- [What the task asks]
Line by line, transcribe the data below exactly and pass over the images.

- [Given information]
# # # # #

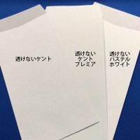 透けない封筒の白さの違いについて 【透けないケント】は内面のグレー特殊加工のため、若干グレーっぽく見えます。 【透けないケントプレミア】はグレーの特殊加工が無く自然な白さです。 【透けないパステルホワイト】は内面のグレー特殊加工と表面の鮮やかな白さで美しい白さがあります。
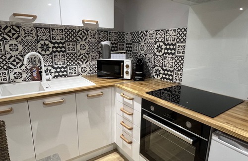 The kitchen is fully equipped (crockery, glasses, oven, microwave, kettle, Nespresso coffee machine).
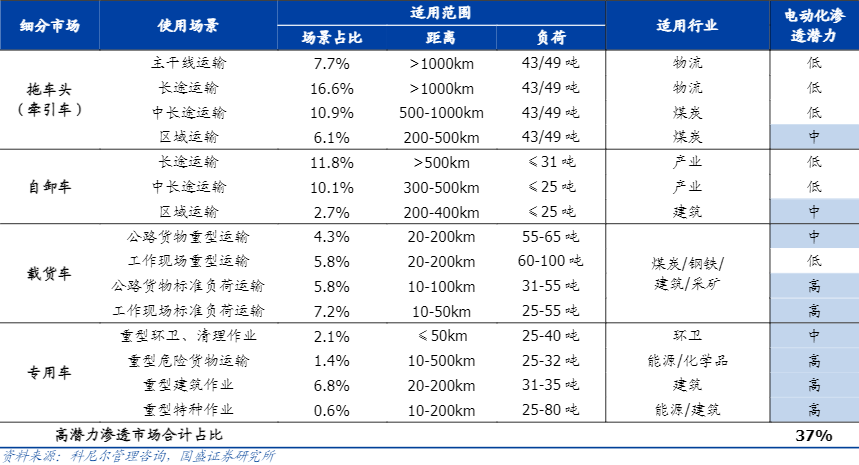 据高工产业研究院(GGII)发布的统计显示,2024年上半年新能源重卡实现销量2.8万台,市场渗透率为12.29%。而国盛证券认为,在政策端持续鼓励下,电动重卡中高渗透潜力应用市场占整体市场的37%,新能源重卡销量有望进一步提升。

# # # # #

- [Solution to the exercise]
 透けない封筒の白さの違いについて 【透けないケント】は内面のグレー特殊加工のため、若干グレーっぽく見えます。 【透けないケントプレミア】はグレーの特殊加工が無く自然な白さです。 【透けないパステルホワイト】は内面のグレー特殊加工と表面の鮮やかな白さで美しい白さがあります。
 The kitchen is fully equipped (crockery, glasses, oven, microwave, kettle, Nespresso coffee machine).
 据高工产业研究院(GGII)发布的统计显示,2024年上半年新能源重卡实现销量2.8万台,市场渗透率为12.29%。而国盛证券认为,在政策端持续鼓励下,电动重卡中高渗透潜力应用市场占整体市场的37%,新能源重卡销量有望进一步提升。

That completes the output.